← Back to context

Comment by yodon

3 days ago

This feels like a lot of rationalization for the purpose of excusing writing exactly the sort of code that Kernighan advised against.

Advising against writing complex code is not advising against learning.

The person who solves a hard problem correctly using simple code has generally spent more time learning than the person who solves it using complex code.

Looking at all he has done, I don't think he means "complex" when he says "clever". He's not advocating for (and most likely against) the architecture-astronautism of overengineering that some people seem to be associating with "clever" here.

He means code that appears indecipherable at first glance, but then once you see how it works, you're enlightened. Simple and efficient code can be "clever".

  • I think clever is being used in two different ways, in that case.

    In the original quote, “clever” refers to the syntax, where they way the code was constructed makes it difficult to decipher.

    I believe your interpretation (and perhaps the post’s, as well) is about the design. Often to make a very simple, elegant design (what pieces exist and how they interact) you need to think really hard and creatively, aka be clever.

    Programming as a discipline has a problem with using vague terms. “Clean” code, “clever” code, “complex” code; what are we trying to convey when we talk about these things?

    I came up with a term I like: Mean Time to Comprehension, or MTC. MTC is the average amount of time it takes for a programmer familiar with the given language, syntax, libraries, tooling, and structure to understand a particular block of code. I find that thinking about code in those terms is much more useful than thinking about it in terms of something like “clever”.

    (For anyone interested, I wrote a book that explores the rules for writing code that is meant to reduce MTC: The Elements of Code https://elementsofcode.io)

  • Good code should not be immediately understandable. Machines that do pasta do not look like humans that do pasta. Same for code; good code does things in a machine way and it won't look natural.

    Example: convert RGB to HSV. If you look around for a formula, you'll likely find one that starts so:

        cmin = min(r, g, b);
        cmax = max(r, g, b);
    

    Looks very natural to a human. Thing is, as we compute 'cmin', we'll also compute or almost compute 'cmax', so if we rewrite this for a machine, we should merge these two into something that will be way less clear on the first glance. Yet it will be better and make fewer actions (the rest of the conversion is even more interesting, but won't fit into a comment).

    • Recognizing that sort of opportunity is why we have optimizing compilers and intrinsics.

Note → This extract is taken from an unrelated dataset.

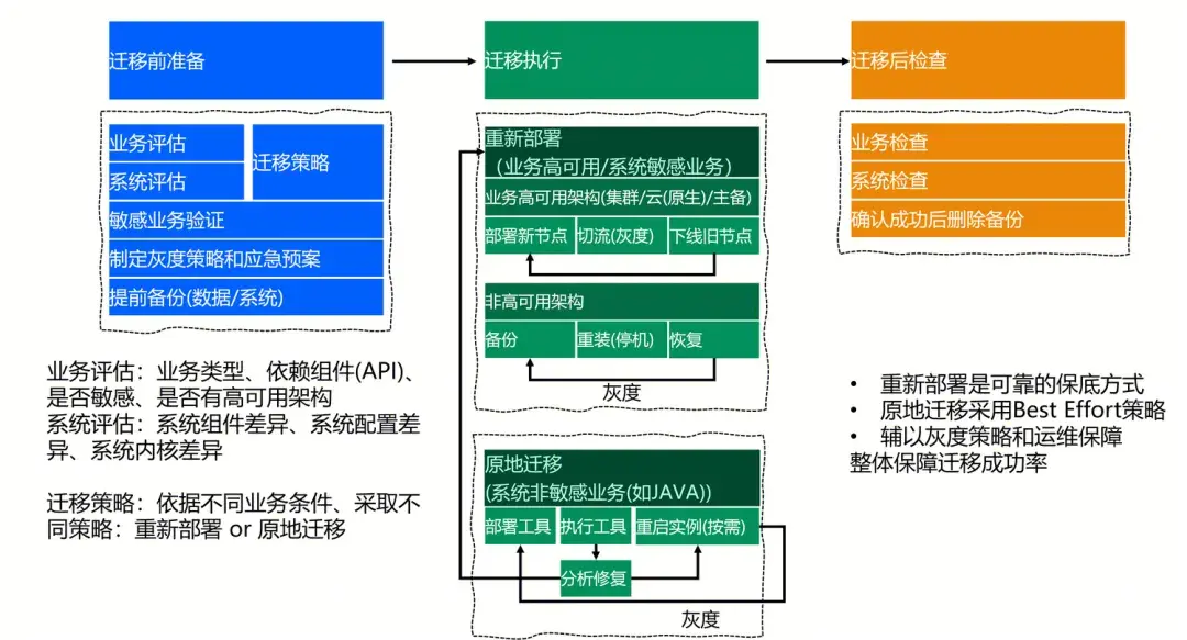 遷移到新系統後,建議對業務程序進行重編譯和部署,且遷移後進行詳細的功能、穩定性、性能和壓力等測試,並進行灰度上線部署。

      Funny thing: in Python code I've had a few occasions where I needed both quotient and remainder of an integer division, so naturally I used `divmod` which under the hood can exploit the exact sort of overlap you describe. I get the impression that relatively few Python programmers are familiar with `divmod` despite it being a builtin. But also it really doesn't end up mattering anyway once you have to slog through all the object-indirection and bytecode-interpretation overhead. (It seems that it's actually slower given the overhead of looking up and calling a function. But I actually feel like invoking `divmod` is more intention-revealing.)

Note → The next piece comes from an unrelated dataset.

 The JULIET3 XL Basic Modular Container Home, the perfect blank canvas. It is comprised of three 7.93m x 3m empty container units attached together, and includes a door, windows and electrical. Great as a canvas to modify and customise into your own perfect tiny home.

    • In short your stance is to sacrifice readability for performance.

      Legit in some cases. But for usual business software, code is for humans (compiler will make machine code intended for the machine)

      3 replies →

Personally, I see a kind of arc in programming style over time. It does begin naive, and more-experienced you will look back at your early code realizing you were essentially re-inventing the wheel in one place or you may see now that a look-up table would have been more efficient (as examples).

As you learn more techniques and more data structures the "cleverness" creeps into your code. To the degree that the cleverness might have a complexity cost, sometimes the cost may be worth it—perhaps not always though.

Naive-you would have struggled to understand some of the shortcuts and optimizations you are leveraging.

But then still more-experienced you revisits the more clever code with years now to have both written and attempted to debug such code. You may now begin to eschew the "clever" to the degree its cleverness makes the code harder to understand or debug. You might swear off recursive code for example—breaking it into two functions where the outer one runs a loop of some sort that is easier to set a break-point in and unwind a problem you were seeing. Or you might now lean more on services provided by the platform you are programing for so you don't have to have your own image cache, your own thread manager, etc.

I feel like in that last stage, most-experienced you may well be writing code that naive-you could have understood and learned from.

Yes, I agree this is true in some (many?) cases. But it is also true that sometimes the more complex solution is better, either for performance reasons or because it makes things simpler for users/API callers.

  • Yes, there's a valid argument that simple code is not always best performance. Optimizing simple code usually makes it more complex.

    But I think the main point stands. There's an old saying that doing a 60 minute presentation is easy, doing one in 15 minutes us hard. In other words writing "clever" (complicated) code is easy. Distilling it down to something simple is hard.

    So the final result of any coding might be "complex", "simplified from complex", or "optimized from simple".

    The first and third iterations are superficially similar, although likely different in quality.